It doesn't make sense to me either... however that's because it pre-supposes that discovering something precludes deeper exploration of that discovery.  Going back to the trap example, I have discovered a trap... but there are a multitude of things to explore within that discovery... What type of mechanism does it use? what type of poison is used? can I replicate either of those?  If not, where can I find someone who can?  An even easier example is a dungeon... does discovering a particular dungeon preclude exploration of it?  No, to claim otherwise is absurd.



Balesir said:


> You're probably right, here - I was just projecting the way _I_ would use the system if I were playing the game - and the way I _hope_ the players will use the system when I run the game - as the intention of the designers.

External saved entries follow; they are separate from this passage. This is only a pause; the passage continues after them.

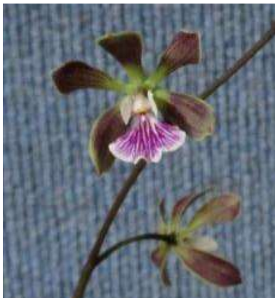
Encyclia (E.) Burdekin Bubble Bee

Please note, we try and update the correct genera for your orchids as they are reclassified, that is why all the purpurata are now cattleyas and not laelia and your Doritaenopsis are now all Phalaenopsis. And stay tuned there are still more changes to come.
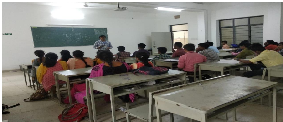
Activities of 60/60 Club 19.07.2019

The 60/60 Club of Dr. N.G.P. Arts and Science College was initiated by the Department of English in the academic year 2012-13. The club aims to develop the communicative skills of the students from vernacular medium Background. The club is designed for the students of 60 boys and 60 girls from Vernacular medium. The club aims to enhance the LSRW Skills of the Vernacular Medium students. Besides, this club also encourages the students to face the society with confidence
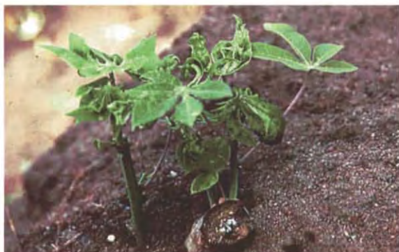
Figure 26: Cassava stem cutting sprouted with cassava mosaic disease
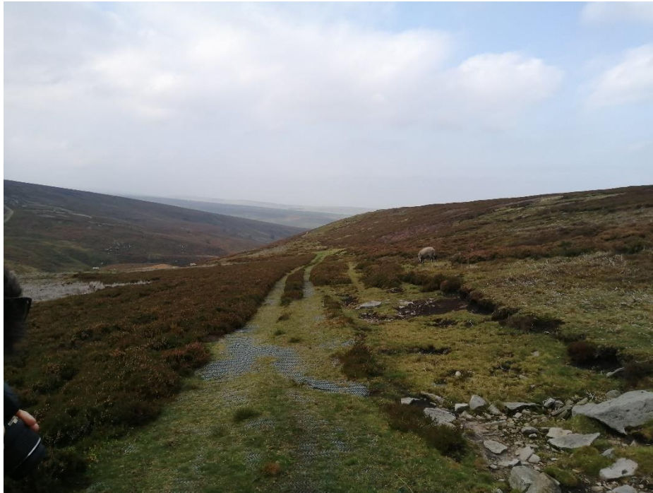
Figure 5 Heather brash cut alongside the track and used to repair eroding surfaces
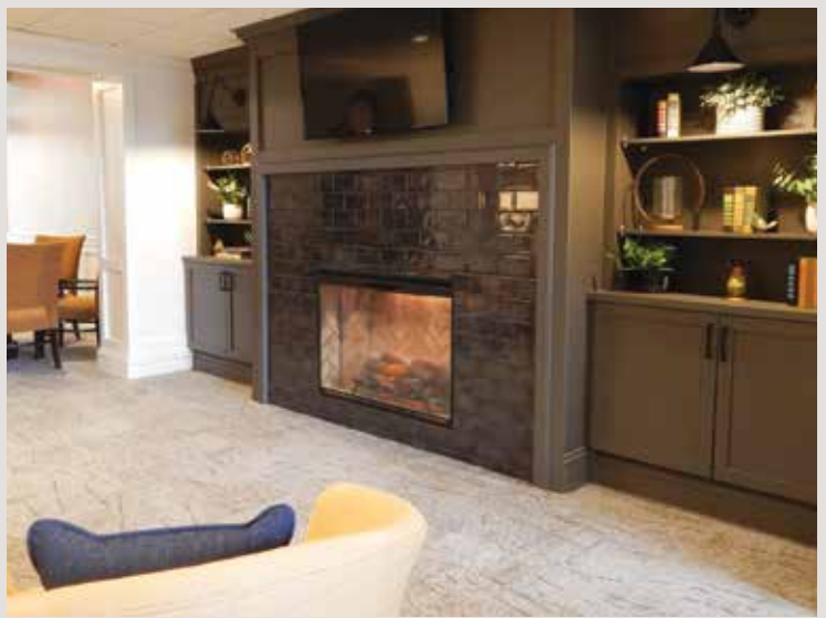
Bottom left clockwise – Bistro seating, game room, lounge, bistro bar, lounge/reading room
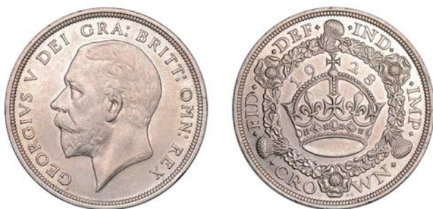
421 Crown, 1928 (ESC 3633; S 4036). Extremely fine
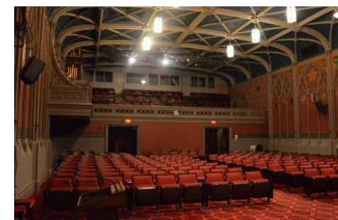
The Gothic Room

Please note that events, panels and speakers may be subject to change.
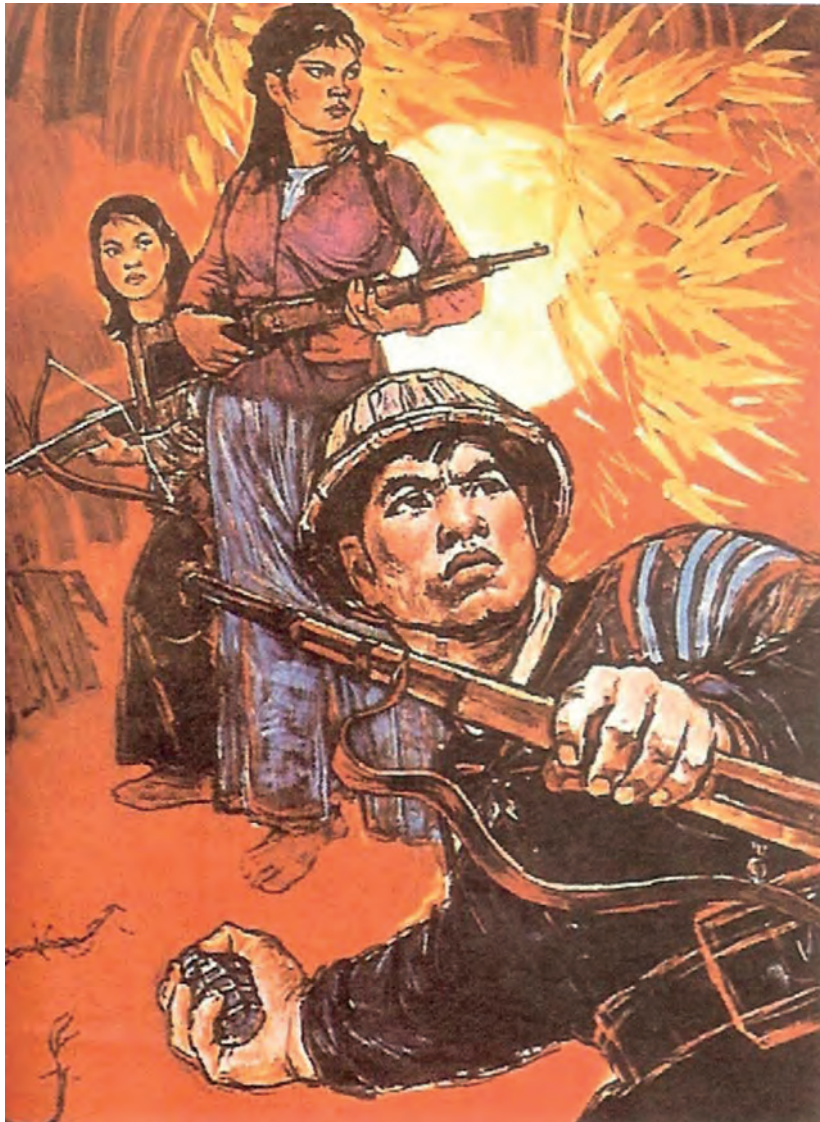
US Imperialism, Get out of South Viet Nam.

7 Look at the poster, and then answer the questions which follow.
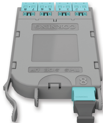
EDGE8 MTP to LC Duplex Module | Photo REN424
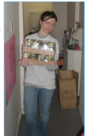
Restocking the Food Pantry
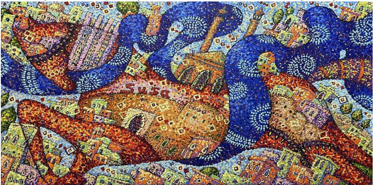
Fig 2. Mir Azer Abdullayev "Shusha" (canvas, oil paint, 75x130 cm)

"Shusha" (fig 2) was executed by Mir Azer on canvas with oil painting technique. In the struggle for the capital of culture, the dynamism of the horse is surrounded by buta patterns.
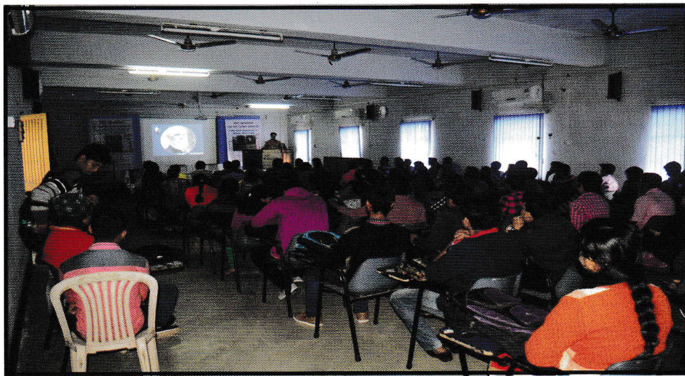
IQAC SPONSORED NATIONAL SEMINAR on MADAME CURIE
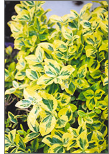
Sungold Wintercreeper foliage
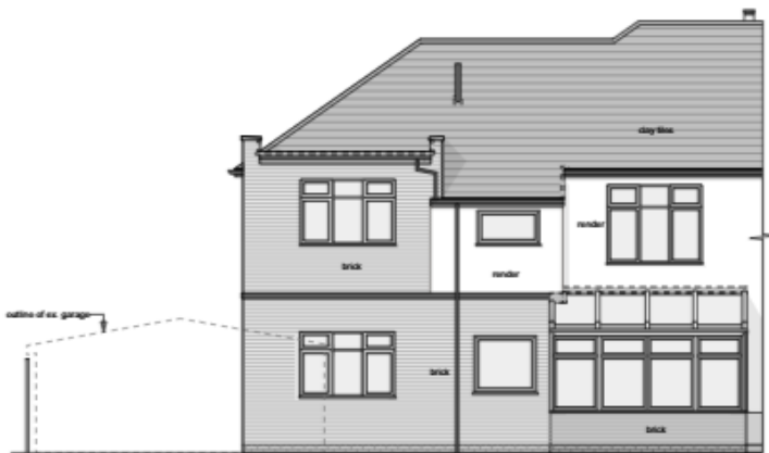
2 Rear Elevation Scale: 1:100
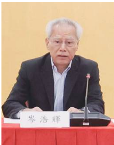
Chief Executive Sam Hou Fai addresses yesterday's meeting at Government Headquarters in Nam Van district.
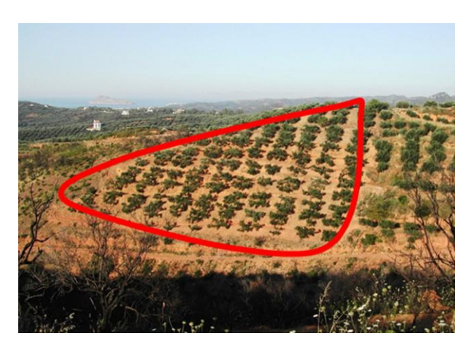
Fig. 2 Example of study field site (sampling point) with defined soil, topography, land use, and land management characteristics belonging to a certain farmer

number of candidate indicators used for the analysis in each process or cause ranged from 16 to 50. A forward stepwise multiple regression analysis was applied using desertification risk as the dependent variable and the candidate indicators assigned for each process as independent variables, using the following linear model (Steel and others 1997):
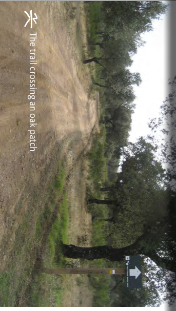
The trail crossing an oak patch
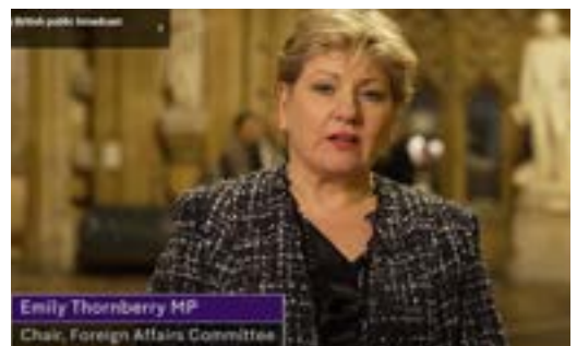
On Channel 4 News talking about our work on the conflict and the need to get aid into Gaza
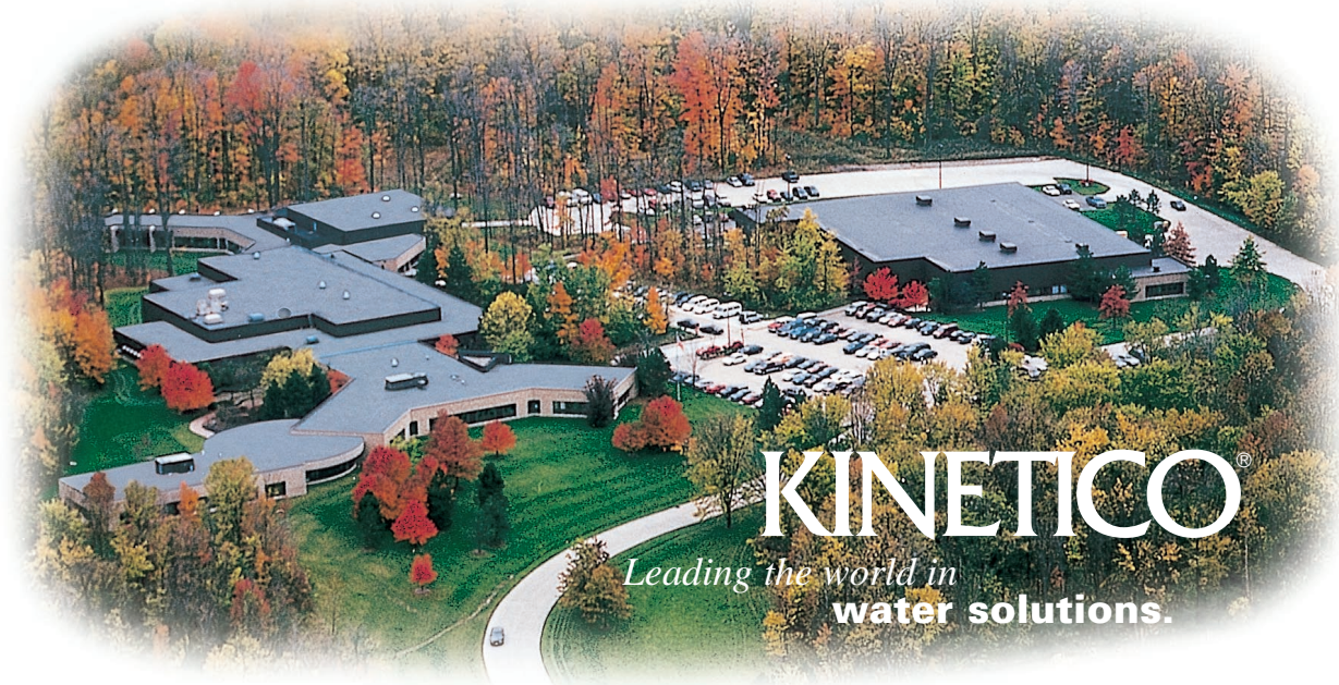
Community Water Systems
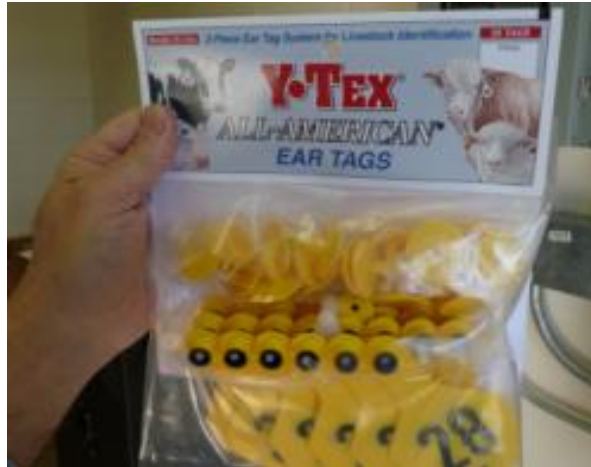
A bag of Cow Tags

If you have cattle in your area, take a look and you will see transmission line tags on the hoof! These tags are attached to the cows' ears and provide a long-lasting means of telling which cow is which.
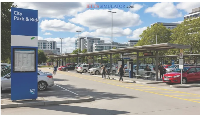
IELTS READING – City Park and Ride S10GT2 August 8, 2025 In "IELTS Reading Easy Demo for GT"
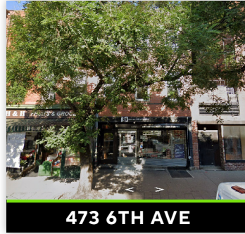
473 6TH AVE
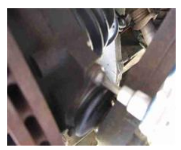
This photo is a bit out of focus, but you get the idea. Use the 10mm Torx driver to remove the two bolts that hold the bottom ball joint to the wheel hub. I replace the torx head bolts with a standard 8mm X1.25 X 20mm hex bolt, .
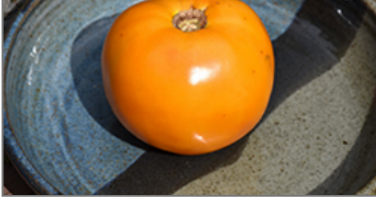
Golden Boy Tomato fruit

Landscape Services & Design Center 1190 W. Moana Lane Reno, NV 89509 (775) 825-0602 ext. 134 NV Lic. #3379A, D & CA Lic. #317448
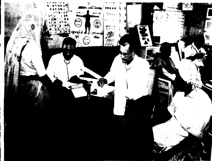
Medical Camp at Ekalbara
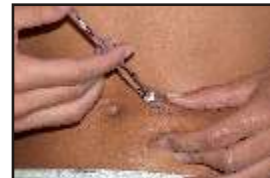
With Gonal-f RFF 75 IU
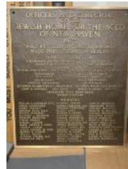
Dedication plaque for the 1976 addition to the Jewish Home (2022.1.25)
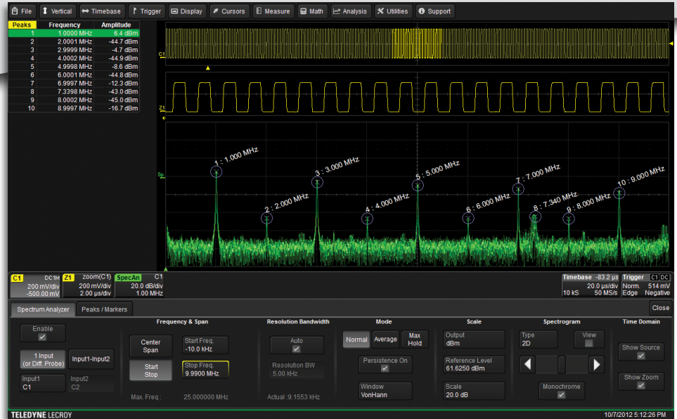
Spectrum analyzer style controls simplify waveform analysis in the frequency domain
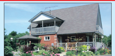
5726 EIGHTH LINE $664,900

Never lived in, absolutely marvelous open concept floor plan. Beautiful, show stopper solid maple kitchen with massive centre island to gather round, stainless steel chimney hood fan, multi-tiered upper cabinets, granite countertops, pot & pan drawers, glass display cabinets, floor to ceiling pantry, etc., and that's just the kitchen! Soaring cathedral ceiling in 17 x 17 great rm which is open to kit. and features a gas fireplace & hrdwd flooring. Separate dining room or den with 11' ceilings! Three good-sized bdrms & 2 full bathrooms. Ginormous bsmt with oversized windows with great potential for finishing!
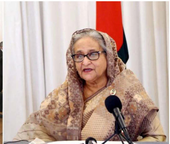
► Hon'ble Prime Minister addressed inauguration of the BHC London extended Chancery Bhaban on 07 November 2021. Hon'ble Foreign Minister Dr. A.K. Abdul Momen MP and Madam Selina Momen with Hon'ble Information Minister, Prime Minister's Hon'ble Private Industry and Investment Adviser, Hon'ble Members of Parliament and Senior Government Officials were present among others at the inauguration ceremony

And the thing is I don't believe it is the intention of the designers.



Balesir said:


> You could certainly just create unconnected flavour as your OUT and Icon-neutral ties for your backgrounds. I would just interpret that as the player not wanting to commit to connections with the game world; a shying-away from engagement and involvement, essentially. Possibly that could be unfair, but it would be my feeling about the choices at a gut level.




I guess we would view this differently then...  In the module "Crown of the Lich King" the designer's state that having once been an animal was one of the most popular OUT's that playtesters chose.  See for me getting to pick a single unique thing about my PC and then having the DM force me to choose something connected to the Icons when it is my chance to actually add  something to the world (as opposed to derive my OUT from something that has already been established in the world) is being unnecessarily restrictive... it's akin to railroading me during part of character creation.  It also sets up a higher likely hood that my unique thing isn't all that unique since another player could favor one/some or all of the Icons I do.  Personally I don't think a character's One Unique Thing should be about tying him or her to the game world, it's an unnecessary restriction on the one thing they can use unbridled creativity to create...  Buy in to the world is what the Icon mechanics are for... that's what the relationship points a player chooses to distribute establishes... so yeah I think your assumptions are off.   



Balesir said:


> And here you seem to make my argument for me in simpler, cleaner terms than I have managed.
> 
> Player chooses Icons for favourite hooks and situations to be involved in game play --> those hooks and situations being stochastically triggered in game play. If characters can choose - albeit in an indirect way - what fiction elements will (randomly) crop up in the adventures played, are they not having influence on the build of the campaign?




He's not choosing the fiction elements... the player has no idea what the actual fiction elements will be.  He knows who amongst the Icons they will be related too (and even in this he has no idea of how or why they will relate to the Icons) but the player isn't choosing any specific fiction elements to be included.  I also note that the wording has changed from "world" to "campaign"... This is a totally different thing and if a choice like this is part of campaign building then so is the choice to go to one adventuring locale over another... or to interact with one NPC vs. another.  Again this seems so broad as to be, for all practical purposes, pointless. 



Balesir said:


> Maybe it's a difference of view about what the "game world" is. For me, it really only includes what is used in play. If the map has a place called the "Isle of Brass", but the characters never go there, and it's never mentioned in play, then as far as I'm concerned the "Isle of Brass" never really existed in that game world. Unless it enters the Shared Imagined Space, it's just vapourware. If it was brought up as a potential place to visit, but the visit never happened, then the Isle exists but has no real detail. This is the sense of "influence over world building" you metioned before.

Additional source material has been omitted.